# buck keeping tips



## ohiogoatgirl (Jan 31, 2010)

hello!
i'm starting small but i want to eventually have a buck of each of the breeds i'll have: angora, oberhasli, nubian. so does anyone keep a buck or two? i'm drawing plans and that now. what are you tips?
thanks!


----------



## Coyote Night Acres (Dec 27, 2010)

We keep two bucks Of the same breed but I know of someone that keeps like 4 and 5 bucks of different breeds all together.


----------



## iddybit acres (Feb 18, 2011)

I to am interested!! I just got a call about a rescue and it has to do with a buck!! Can you keep them with wether's and doe's or seperate???


----------



## 4kids (Jul 21, 2009)

You can keep them with a wether but I wouldn't keep them with does or .... kids will be coming 5 months away! We keep 2 bucks. They live separate from the girls in their own house and own fenced in area. They are of the same breed. They do give off a lively odor!


----------



## iddybit acres (Feb 18, 2011)

Well this is a nigerian pygmy buck and 3 doe's so i could have more baby's on my hand!! I guess i found this site just in time! For now he would have to stay with the wether's at least until some of this snow is gone! Odor :whatgoat: :whatgoat: :whatgoat: how bad??? onder:


----------



## Coyote Night Acres (Dec 27, 2010)

LOL, it gets pretty bad on mature bucks. It's kinda one of those things I can not explain to you, you just have to smell it. Although I'm not as effected by it as my sister and mom LOL.


----------



## iddybit acres (Feb 18, 2011)

:wahoo: my hubby's going to be thrilled with me!! I might be the one needed the doghouse!


----------



## KW Farms (Jun 21, 2008)

Are you just wanting the different breeds of bucks just because or you want to use all different breeds with your does or ? Have you thought about just getting different breeds of wethers?

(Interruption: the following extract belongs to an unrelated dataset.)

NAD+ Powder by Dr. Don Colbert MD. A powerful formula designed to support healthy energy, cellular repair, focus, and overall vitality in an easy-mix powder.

We keep our does and bucks seperate...year round. We have 9? bucks that live together. They get along great. If a new buck is added though, they always kind of try and boss each other around, but after a couple weeks they get along just fine.

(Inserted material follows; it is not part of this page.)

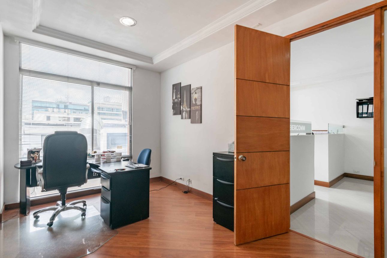 Esta oficina en venta ofrece una ubicación estratégica en una zona clave de Bogotá. Situada en el segundo piso, cuenta con un espacio amplio y versátil, ideal para cualquier negocio. Además, con seguridad 24 horas y parqueaderos de visitantes, también dispone de una terraza con una vista impresionante a la ciudad, ofreciendo un ambiente agradable para un descanso o reunión al aire libre. La oficina incluye planta eléctrica total y parqueadero cubierto.

The only time we have fighting is during rut when the does are all coming into season. They don't fight to serious though and have never had an injury due to fighting.

They stink and aren't fun to handle...but I do love my boys.


----------



## ohiogoatgirl (Jan 31, 2010)

i want to keep 3 bucks together, one of each of the breeds i will have. my idea is to have a two part barn for the bucks. one side for all the bucks, a full wall, and on the other side two breeding pens. this way i could just pen them together and know due dates better then just letting the buck run with the does for a month. which is what i had to do this breeding and what my parents used to do. but i hate this guessing game, ya know. i will probably be buying the bucks as kids so i'll be able to train them, well, train them as best as a buck can be... 
the buck smell differs between individual bucks but any buck STINKS.


----------